* [What to work on]: Where a picture occurs in the data, omit it, and copy all remaining data exactly.

╭─ Records shown

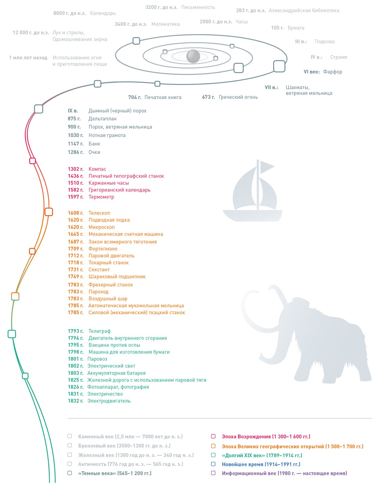 Рис. 6. Долгосрочная временная шкала технологий. Из далекого прошлого в наше время и будущее
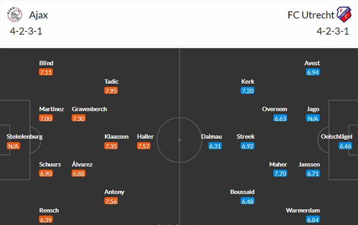 Dự đoán tỷ số Ajax 4-1 Utrecht
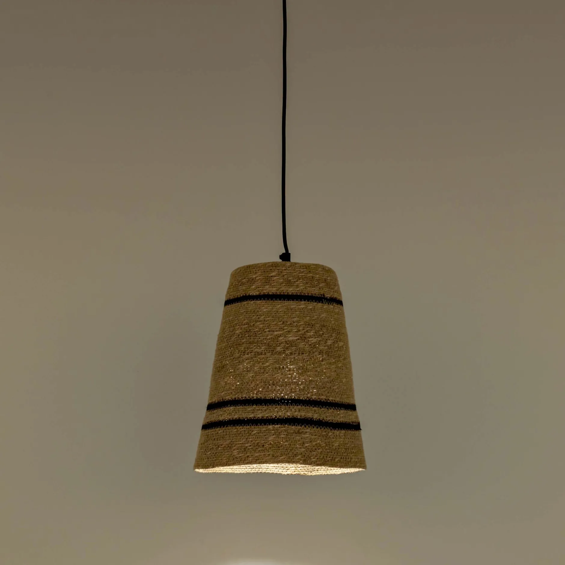 Découvrez cette jolie suspension en jonc de mer habilement tressée. C’est un bel élément de déco qui saura trouver sa place chez vous. Son coloris naturel sublimé par un détail noir, fait de luminaire tout en longueur une pièce unique remplie de charme. Cette suspension électrifiée est idéale pour votre intérieur. Vous pouvez l’associer avec une autre suspension naturelle pour créer un bel ensemble. Souple, chaque abat-jour présente un galbe particulier qui peut être modelé selon vos envies.
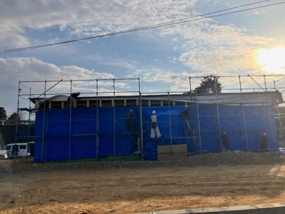 屋根は防水シートで 雨仕舞い、壁は厚手のシートでラッピング養生し雨風対策もバッチリです!
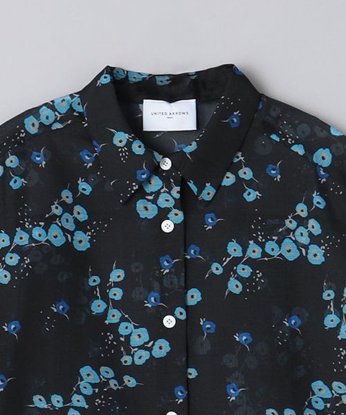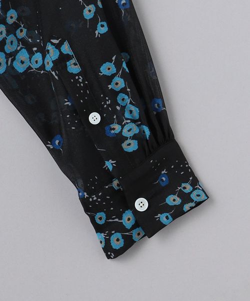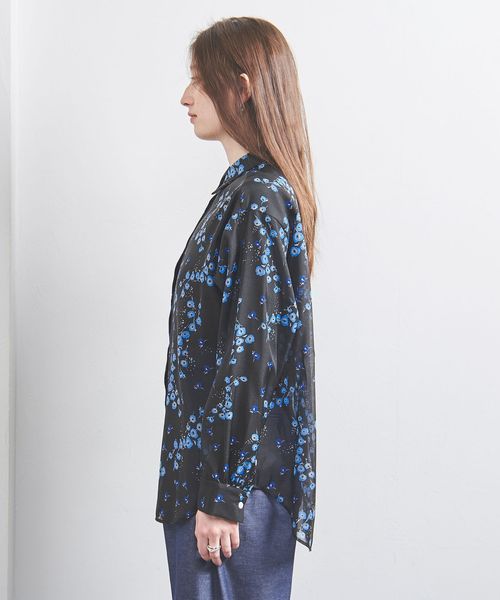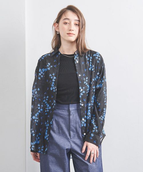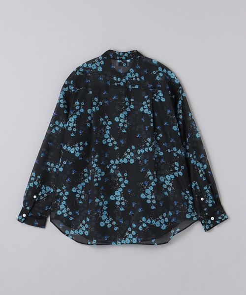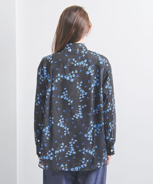 タテ糸に細番手、ヨコ糸にスパンのポリエステルを使用し、エアリーなハリ感を出したオーガンジーベースのユナイテッドアローズ別注プリント。

╰─

* [Answer area]:
 Рис. 6. Долгосрочная временная шкала технологий. Из далекого прошлого в наше время и будущее
 Dự đoán tỷ số Ajax 4-1 Utrecht
 Découvrez cette jolie suspension en jonc de mer habilement tressée. C’est un bel élément de déco qui saura trouver sa place chez vous. Son coloris naturel sublimé par un détail noir, fait de luminaire tout en longueur une pièce unique remplie de charme. Cette suspension électrifiée est idéale pour votre intérieur. Vous pouvez l’associer avec une autre suspension naturelle pour créer un bel ensemble. Souple, chaque abat-jour présente un galbe particulier qui peut être modelé selon vos envies.
 屋根は防水シートで 雨仕舞い、壁は厚手のシートでラッピング養生し雨風対策もバッチリです!
 タテ糸に細番手、ヨコ糸にスパンのポリエステルを使用し、エアリーなハリ感を出したオーガンジーベースのユナイテッドアローズ別注プリント。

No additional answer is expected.